Haunted by too many choices

One way to explain our low-grade dissatisfaction.

April 24, 2008

Week in, week out, I hear the same refrain from former students, many of them bright, young women: They are searching for something else. Not that there is anything especially wrong with their lives, their jobs, their grad programs. It's just that things haven't turned out the way they expected.

I sense the same low-grade dissatisfaction among my own kids, their friends, and my friends' kids: The grass is always greener.

Except when it is not.

Something in the zeitgeist? The niece of a friend once confided she sometimes wished she'd been born into a world where everything from spouse to career was chosen for her. She echoes what I see: a generation of youth overwhelmed by the unintended consequences of choice overload.

Many are 20-something women raised with high expectations, more options than their mothers ever imagined, and a sense that the perfect life is not only a possibility, but an obligation. Some are paralyzed by it: How can I commit to Plan A when Plan B, which might be better, may be just around the bend? Others constantly doubt themselves, obsessing not on the choice they made – but the ones they rejected. Many are seduced by the siren song of the road not taken and tantalize themselves with an "eat, pray, love" fantasy: cut and run.

Granted, such laments are the luxury of a demographic that has never had real worries about putting food on the table. Still, the angst, and its consequences, can break your heart.

I recall a lunch a while ago with three young, talented professional women, all grousing about their jobs. I tossed out the idea that if they are expecting perfection, they may be doomed to disappointment. All three glared – despite the fact that lunch was on my dime – then one spoke up. "Well," she said, "that's a depressing thought."

I blame us. We raised our children to feel they could achieve anything. Many boomer parents, determined to give their kids every option, treated them like art projects, micromanaging their time, overscheduling their lives. Kids played club sports, studied with tutors, applied to prestigious universities. What we didn't teach them, however, was how to deal with all the options we made possible. And what we didn't realize was that with choice comes pressure.

A feminist scholar in my department suspects the burden of choice is worse for women. "They have been superachievers all their lives, so they think they can be superachievers at everything," she says. And when things don't work out, it's incomprehensible – they conclude they didn't try hard enough.

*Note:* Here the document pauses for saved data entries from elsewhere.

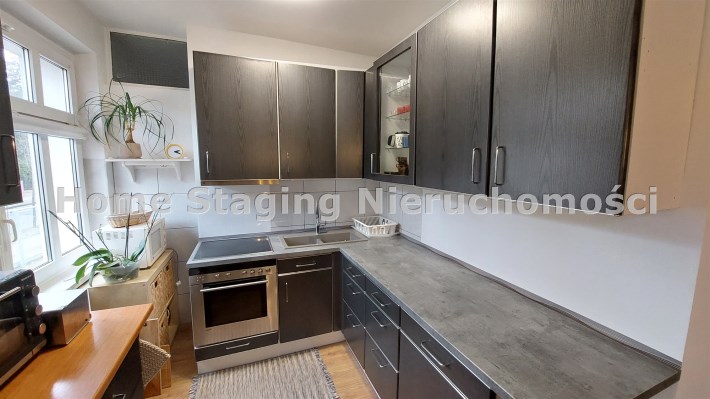 Dom położony przy jednej ze spokojniejszych ulic w Świnoujściu przy ul Grottgera. Bliźniak z cegły w dobrym stanie technicznym. działka ma kształt nieregularny, ogrodzona z przesuwną bramą. Na działce stoi garaż jednostanowiskowy. Na parterze jest przestronny przedpokój, piękny salon z kominkiem i z wyjściem na duży taras. Salon jadalnia i kuchnia tworzą jedną całość, tylko umeblowanie określa funkcję tych pomieszczeń. Na tym poziomie jest jeszcze sypialnia i dość duża łazienka. Piękne drewniane schody prowadzą na I piętro, gdzie są 3 sypialnie, niewielka kuchnia, łazienka i dodatkowe WC. Jest jeszcze poddasze, gdzie może być dodatkowy pokój. Pod całym budynkiem są duże, suche piwnice ( 4) z wyjściem do ogrodu. Ogrzewanie i ciepła woda z piecyka gazowego, urokliwy kominek daje ciepło w salonie i jadalni. Właściciele wymienili instalacje wodne i elektryczne. Niskie koszty utrzymania. Okolica spokojna. Oferta na wyłączność. Zapraszam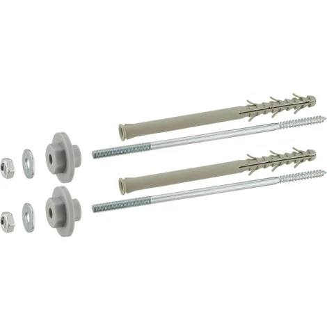 - fixations de lavabo sur mur isolé avec polystyrène vis acier 8×220 mm chevilles 10×160 mm écrous, rondelles plates et rondelles réglables
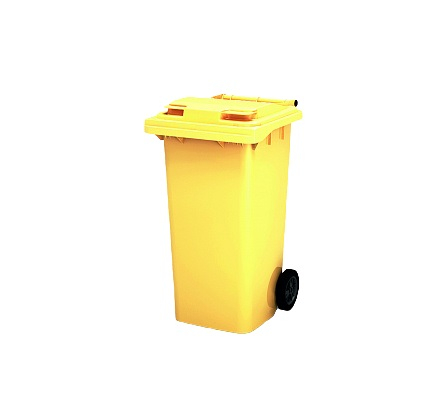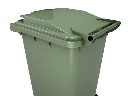 Бак для мусора 240л имеет крышку и два колеса, что облегчает обращение с ним и его передвижение. Он выпускается в четырех цветах (зеленом, желтом, синем и сером).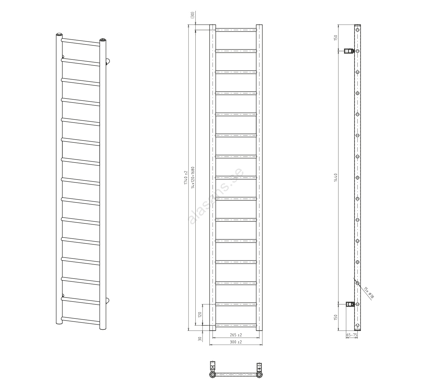 Sapho - Handdukstork DINA 335 W 30 x 174 cm vit | Alasans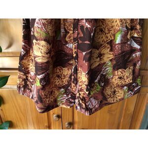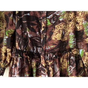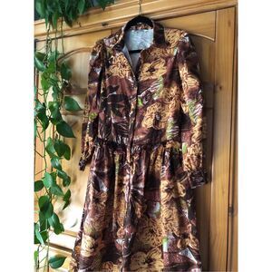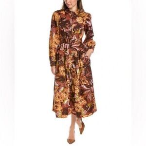 Beautiful Walter Baker 100% cotton floral shirt dress in warm autumn tones of brown, gold, and hints of green. Features a button-front closure, collared neckline, and long sleeves with gathered cuffs. The elastic waist gives a flattering fit, while the soft cotton fabric keeps it breathable and comfortable.

All the options, whether real or perceived, are both appealing and terrifying, she says, especially for women who never learned that perfection is often constrained by opportunity, individual talent, and society, rather than sheer will. "A great career, a marriage, a family – if they fail at any one of those, failure defined as not perfect, the problem is them."

Add in the psychology of choice itself, and you have a generation ripe for indecision, if not stress. A few years ago, researchers from Stanford and Columbia tested two displays of jams in a grocery store. One featured six varieties. The other had 24. More customers flocked to the latter, but 10 times as many actually bought jam from the former.

The definitive word comes from Swarthmore psychologist Barry Schwartz, author of "The Paradox of Choice: Why More Is Less." He suggests that an overabundance of choices leads to two negative effects. The first is paralysis: Confronted with too many choices, some people have a hard time choosing at all. The second is opportunity cost: Choosing one option means not choosing others, and when those others are also attractive, you focus on what you missed and are less satisfied with what you have.

It's a function of escalating expectations, he points out. Faced with many choices, you assume one must be perfect. A choice that is merely good thus leads to disappointment and regret – you should have done better.

But back to my world. Scaling back options is not the answer. But maybe perspective is. We must teach a generation raised to equate B+ with failure to recognize that real life is messy. This is a function of growing up – the realization that a choice is what you make of it and that sometimes, merely good is pretty good, indeed.

Barbara Kelley is a professor of journalism at Santa Clara University.